Trinity Mirror Share Discussion Threads

Showing 6601 to 6625 of 7575 messages
Chat Pages: Latest  267  266  265  264  263  262  261  260  259  258  257  256  Older
DateSubjectAuthorDiscuss
08/8/2016
17:16
Badly timed entry here at 92p. Priced to go bust, but have cash to throw around on share buybacks. Stop loss at 78p
spoole5
08/8/2016
08:16
Strong start again and miles to go!

BUY BUY BUY

DYOR NAI

!!

philjeans
05/8/2016
17:35
On examining the JPR results one thing screams out , that is the risk related to low margin.
Basically the share price is very very low hence the mkt capitalisation is very low, however revenue is very high.
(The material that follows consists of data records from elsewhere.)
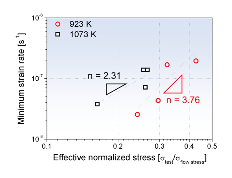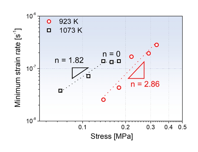 The stress exponent at 923 K, initially measured as 2.86, increased to 3.76 after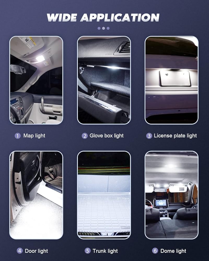 تطبيقات واسعة: يمكن استخدام لمبة LED 194 لإضاءة القبة، وإضاءة الخريطة، وإضاءة لوحة الترخيص، وأضواء لوحة أجهزة القياس، وإضاءة الباب الداخلي، وإضاءة التحديد الجانبية، وإضاءة صينية الرماد، وإضاءة صندوق القفازات، وإضاءة محرك الفحص، وإضاءة إيقاف التثبيت المرتفعة في المنتصف وما إلى ذلك وهلم جرا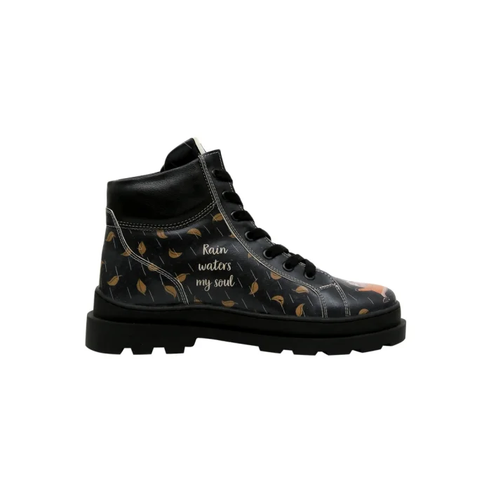 Product: Women Vegan Leather Black Ankle Boots - Rain Waters My Soul Design

Therefore a small decline in revenue or a rise in costs will tip the thing into loss since current margins are small.
In the case of JPR low PE does not equate to high earnings just to a very very low share price

JPR is very high risk, if you think they can increase revenue and cut costs buy it, if the reverse steer clear.
TNI is a safer bet IMHO.

Check out the two charts since 1988 they tell a story.
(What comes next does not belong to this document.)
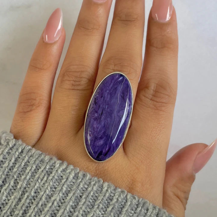 Válassza ezt a természetes chairoitos ezüst gyűrűt, egy olyan darabot, amely felismerhetetlen megjelenésével tűnik ki, élénk lila árnyalataival és egyedi textúráival. 925-ös ezüstbe foglalva ez a gyűrű kiemeli a kő természetes szépségét és kifinomultságot ad bármilyen öltözékhez.

All this is IMHO and DYOR no advice intended here.

freddie ferret
05/8/2016
08:47
Pushing on well now - not much doubt about which one has the most potential - JPR or TNI -is there?

Glad I got in at the bottom - a doubler by EOY I think.

philjeans
04/8/2016
17:58
Well so will we then
bc4
04/8/2016
17:44
I dont know why they announced a buyback. Now the company selling can hold off a few days and get 20% more for their shares. They should have just bought them as and when the price fell to a certain value like Fyffes or Berkshire etc
smicker
04/8/2016
17:08
Strong finish to the day!
bc4
04/8/2016
12:54
That's a bit more like it!

Miles to go now.

philjeans
04/8/2016
10:36
Yes - I think JPR is far more risky than TNI - the debt will need clearing faster than the pension deficit!

Happy to have bought again at the bottom and will sit patiently for a few months until common sense returns, earning 6% for my capital.

philjeans
04/8/2016
08:42
well Johnson press results were pretty ugly.
I still reckon there is value here but sector sentiment is really pretty negative so gains will probably difficult to come by.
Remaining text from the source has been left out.